[Saved data entries]
--- START ---

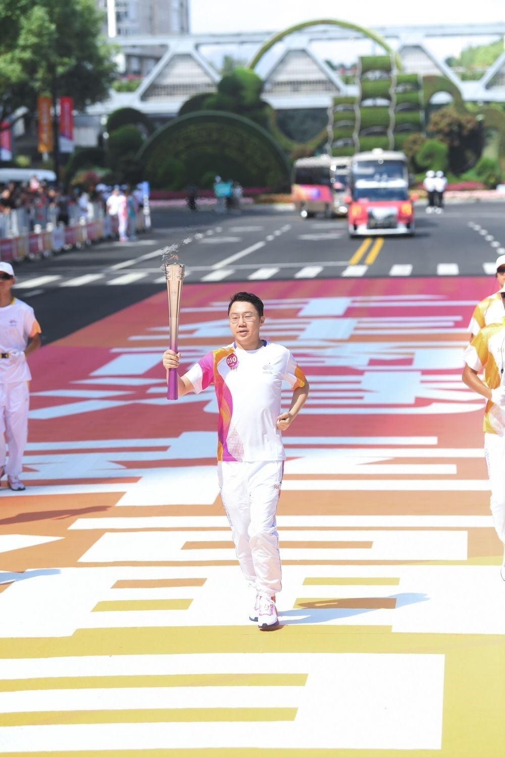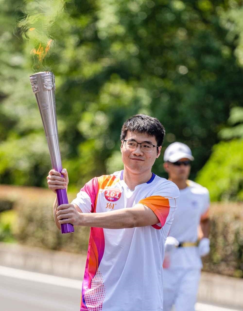 ↑火炬手王懿律在火炬?zhèn)鬟f中。
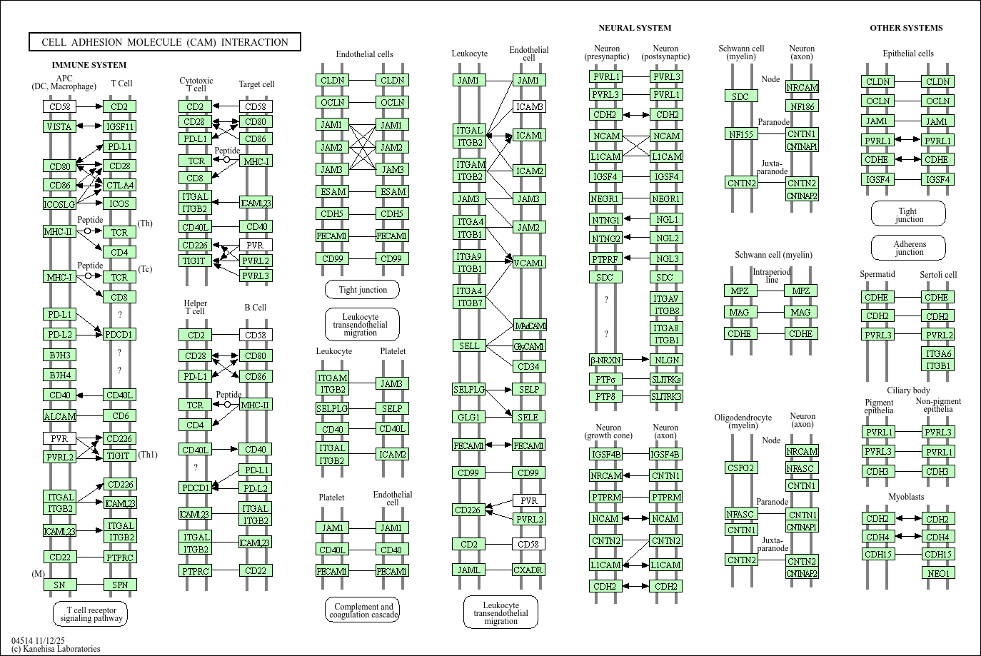 Cell adhesion molecules (CAMs) are (glyco)proteins expressed on the cell surface and play a critical role in a wide array of biologic processes that include hemostasis, the immune response, inflammation, embryogenesis, and development of neuronal tissue. There are four main groups: the integrin family, the immunoglobulin superfamily, selectins, and cadherins. Membrane proteins that mediate immune cell–cell interactions fall into different categories, namely those involved in antigen recognition, costimulation and cellular adhesion. Furthermore cell-cell adhesions are important for brain morphology and highly coordinated brain functions such as memory and learning. During early development of the nervous system, neurons elongate their axons towards their targets and establish and maintain synapses through formation of cell-cell adhesions. Cell-cell adhesions also underpin axon-axon contacts and link neurons with supporting schwann cells and oligodendrocytes.
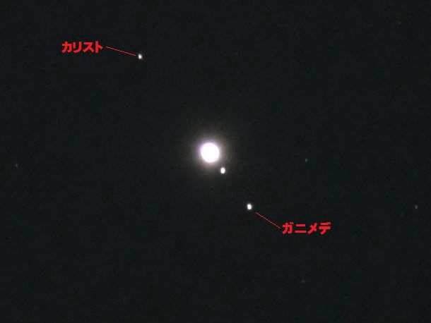 今晩の木星とガリレオ衛星。エウロパは見える位置にあるのだが木星の影に入って見えていない。
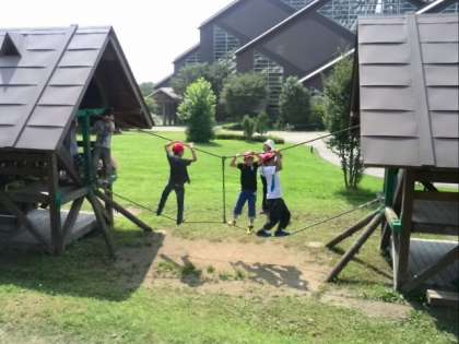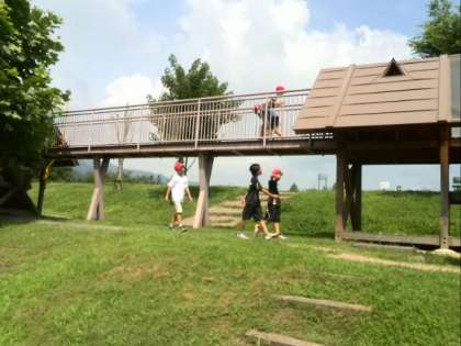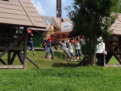 八反の滝で涼んだ後は、但馬ドームの敷地にあるアスレチックで体を思い切り動かしました。
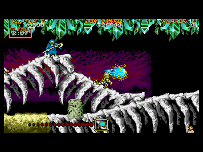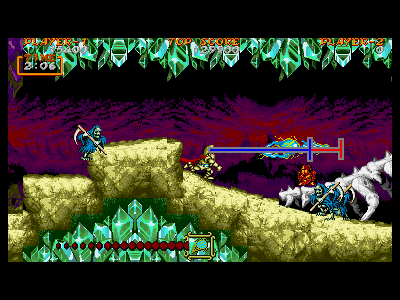 | 2週目から入手可能になる、最終ボスを倒すために必要かつ最強の武器です。入手方法は、黄金の鎧を装備した状態で、2、3、4個目の宝箱を開ける事で出現する、戦いの女神が武器に変わるまで待ち、それを入手すればOK。 威力は通常の武器よりも高く(距離によって増減します。最大は3倍で、消滅する直前は通常武器と同様になります)、背景以外の物体を全て貫通する(耐久力のあるキャラクターも含む)という特性を持っています。リーチは若干短めですが、その威力、攻撃判定の広さを考えれば、あまり問題になりません。 とくに攻撃判定の広さは凄まじく、自分が宝箱の上に乗っているときに、しゃがんで投げると、その攻撃で自分の下にある宝箱を破壊してしまうほどです。 |
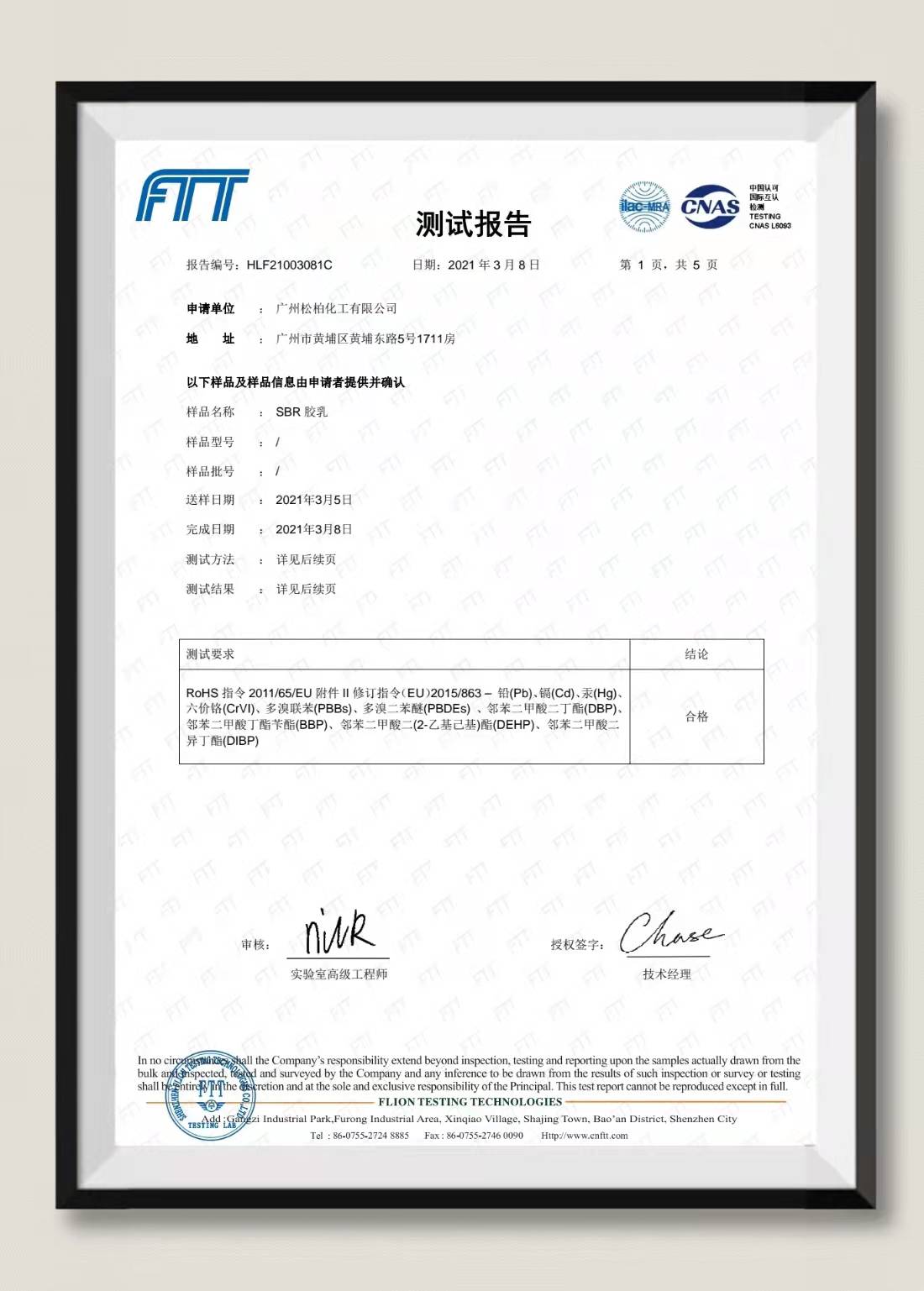 ROHS报告-SBR胶乳

--- END ---

### [What is expected]
I'd like the lines above repeated exactly, from the one that contains "今晩の木星とガリレオ衛星。エ" through the one that contains "八反の滝で涼んだ後は、但馬ド", with no pictures.

### [Solved exercise]
 今晩の木星とガリレオ衛星。エウロパは見える位置にあるのだが木星の影に入って見えていない。
 八反の滝で涼んだ後は、但馬ドームの敷地にあるアスレチックで体を思い切り動かしました。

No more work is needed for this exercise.